Forgotten electric blues guitar great from 1952.
Updated 20 July 2019.
Check Lee Cooper’s electric blues guitar from 67 years ago.
One of the purposes of this blog is to draw attention to exceptional musicians – blues or otherwise – who for some reason, often the passage of time, have been virtually forgotten.
My most recent “discovery” is Lee Cooper, not the British jeans maker, but an electric session guitarist plying his wares in Chicago in the early 1950s.
Washboard Sam in 1941 |
Listening to a Washboard Sam track from around 1952, amusingly titled “Diggin’ My Potatoes”, I was struck by the remarkable electric guitar driving the record. Take a listen to see what I mean.
Cooper’s cutting-edge licks would bring modernity to Bill’s old-school acoustic strumming. So, who was the unsung and mysterious Lee Cooper? No photographs seem to exist but I’ve taken the liberty of accessing research by broadcaster Steve Franz, taken from magazine interviews with the Mississippi blues pianist Eddie Boyd (1914 – 1994), around 1971.
It seems Lee Cooper was born Echford Cooper in Lexington, Mississippi, about 1924. He next pops up in 1945, in the mainly African-American weekly, the Chicago Defender, as guitarist with a local jazz group called the Hi Di Ho Boys. Apparently, Cooper had replaced the group’s founder, Lefty Bates, who had gone into the US Army during WW2.
Eddie Boyd (above) said Cooper was the best guitarist he hired |
Bates, too, would become a top blues session guitarist, playing rhythm for the likes of Buddy Guy and Jimmy Reed.

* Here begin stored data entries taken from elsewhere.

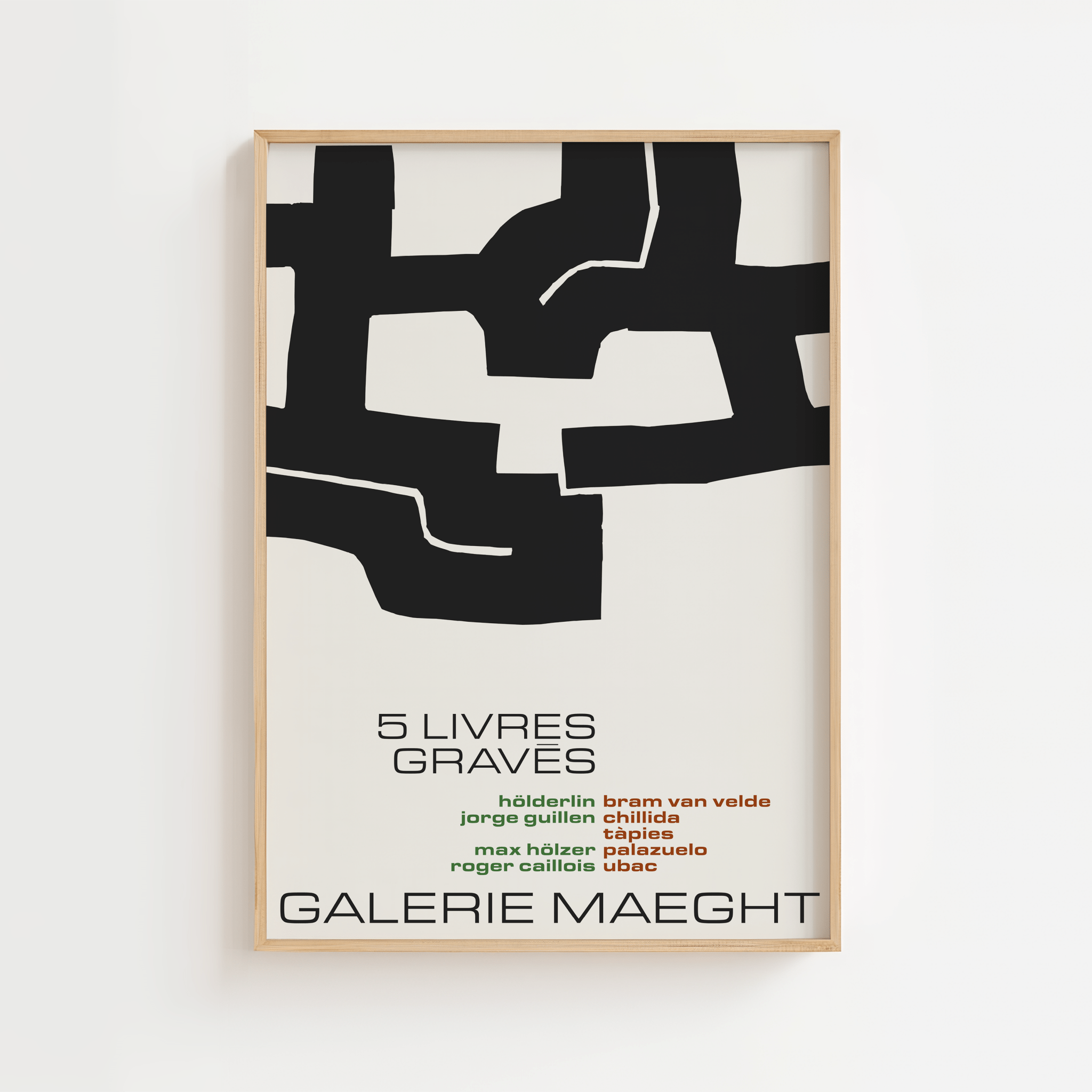 Das Poster der Galerie Maeght 5 Livres ist eine zeitlose Hommage an klassische Kunst und Design. Das Poster ist von der berühmten Kunstinstitution Galerie Maeght inspiriert und mit eleganten Details verziert, die die Tiefe und Schönheit der Kunst betonen.
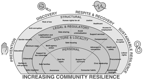 8]. For example, such assets might include spot-the-signs training at a personal level to aid in the discovery of victims; at the locality level, the availability of safe and suitable housing to provide respite, and at the regulatory level, the legal mandate to provide victims with adequate physical and psychological health support.
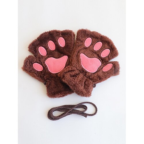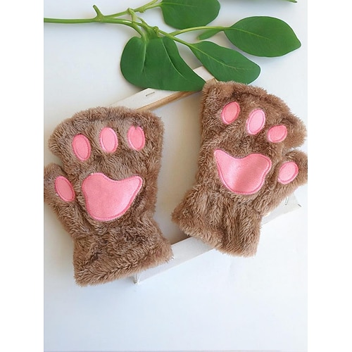 Plüschpfotenhandschuhe für Damen – süße pelzige Katzenkrallenfäustlinge, weiche, warme fingerlose Winterhandschuhe für Cosplay, Halloween und den Alltag
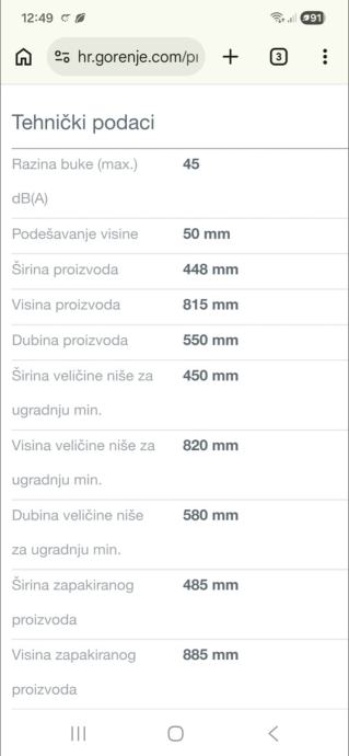 Veličina perilice - vidi zadnju sliku
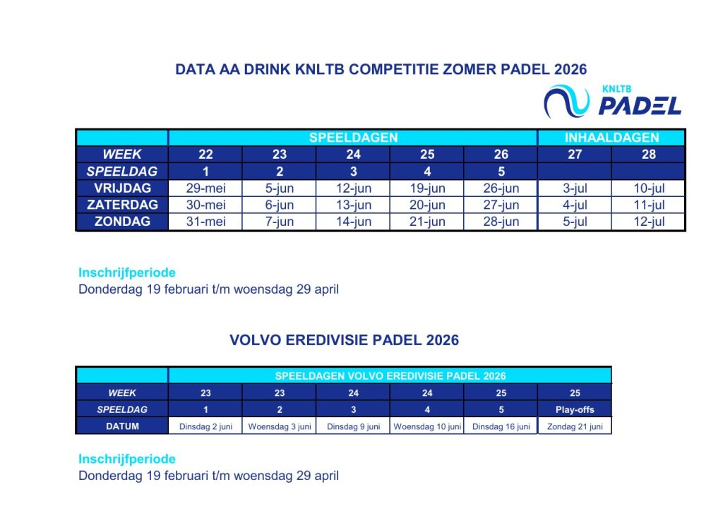 Voor meer informatie over de zomer padel competitie, volg deze link.
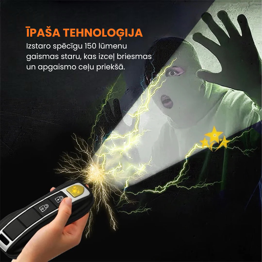 Pasaule, kurā drošība nekad nav garantēta, automašīnas atslēgas formas pašaizsardzības lukturītis sniedz mieru kabatas izmēra formātā. Ar 57 miljonu voltu trieciena jaudu un 150 lūmenu lukturīša gaismu jums vienmēr būs uzticams līdzeklis novērst draudus un vienlaikus nepievērst sev uzmanību.

According to Eddie Boyd, who had a reputation for hiring the only best blues guitarists for his band, Lee Cooper was the best guitarist he ever employed.

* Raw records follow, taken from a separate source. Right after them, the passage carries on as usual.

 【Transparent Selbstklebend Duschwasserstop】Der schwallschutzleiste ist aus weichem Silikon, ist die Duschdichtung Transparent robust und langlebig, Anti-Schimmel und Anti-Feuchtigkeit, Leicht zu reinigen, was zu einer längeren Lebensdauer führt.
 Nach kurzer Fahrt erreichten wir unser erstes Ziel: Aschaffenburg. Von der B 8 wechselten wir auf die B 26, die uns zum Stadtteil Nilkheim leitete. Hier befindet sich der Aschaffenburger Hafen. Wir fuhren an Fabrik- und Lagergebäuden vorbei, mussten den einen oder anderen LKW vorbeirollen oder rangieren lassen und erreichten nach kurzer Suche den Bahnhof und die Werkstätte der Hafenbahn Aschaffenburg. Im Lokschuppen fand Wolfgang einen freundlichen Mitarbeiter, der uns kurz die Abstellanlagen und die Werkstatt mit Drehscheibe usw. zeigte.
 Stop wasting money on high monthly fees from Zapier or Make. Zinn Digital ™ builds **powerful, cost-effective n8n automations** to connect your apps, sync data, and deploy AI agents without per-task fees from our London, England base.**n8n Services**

Well-educated, Cooper could read music and pick up just about anything without rehearsing. “He could play anything playable”, said Boyd: from the jazz of Charlie Parker to the blues of John Lee Hooker. Indeed, Lee Cooper was, at one time, Howlin’ Wolf’s lead guitarist and also a regular session player for Jimmy Witherspoon and influential blues harmonica player, Big Walter Horton.

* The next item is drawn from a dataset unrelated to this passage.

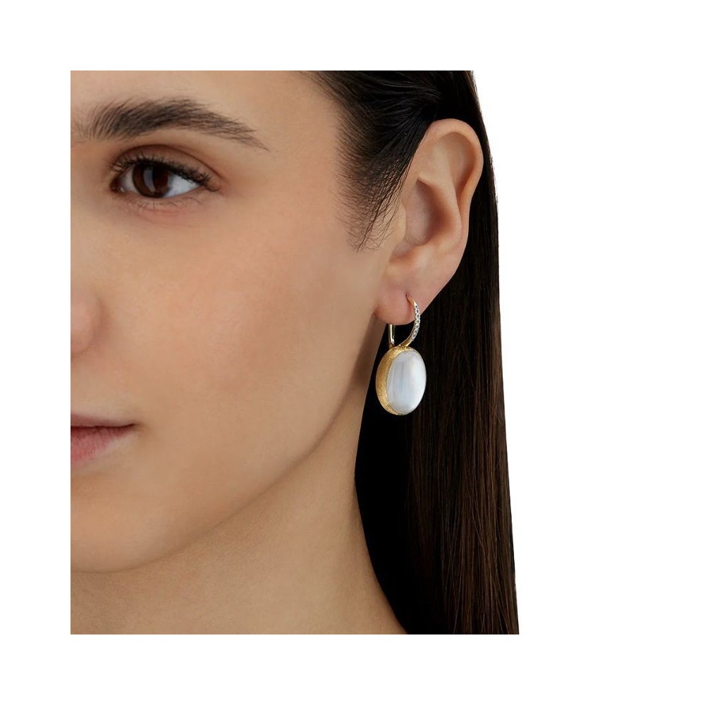 Gli orecchini Ciliegine, in oro 18kt inciso a mano, accolgono cristallo di rocca e madreperla in un abbraccio armonioso, celebrando l’eleganza senza tempo e la bellezza della materia.La chiusura con diamanti aggiunge luce, mentre le diverse dimensioni e modelli permettono mix unici. Ogni combinazione è un gesto personale, che racconta lo stile con naturalezza.DIAMANTI:- Peso (totale): 0,08 CT- Purezza: VS- Colore: GG- Taglio: brillante rotondo-Misura orecchino:15,20 mm x 33,50 mmPietre colore:- MADREPERLA Peso (totale): 18 CT

Eddie Boyd also revealed that Lee Cooper lost an eye during an experiment while studying chemistry at college and was a heavy drinker. It was the booze, Eddie said, that led to the demise of Cooper’s music career and early death, around 1966, aged 42.
The two ‘How Blues Evolved’ eBooks (going for a song at Amazon Books are now combined and substantially added to in AMERICA’S Gift, a 390-page paperback, also available at Amazon Books at the link below.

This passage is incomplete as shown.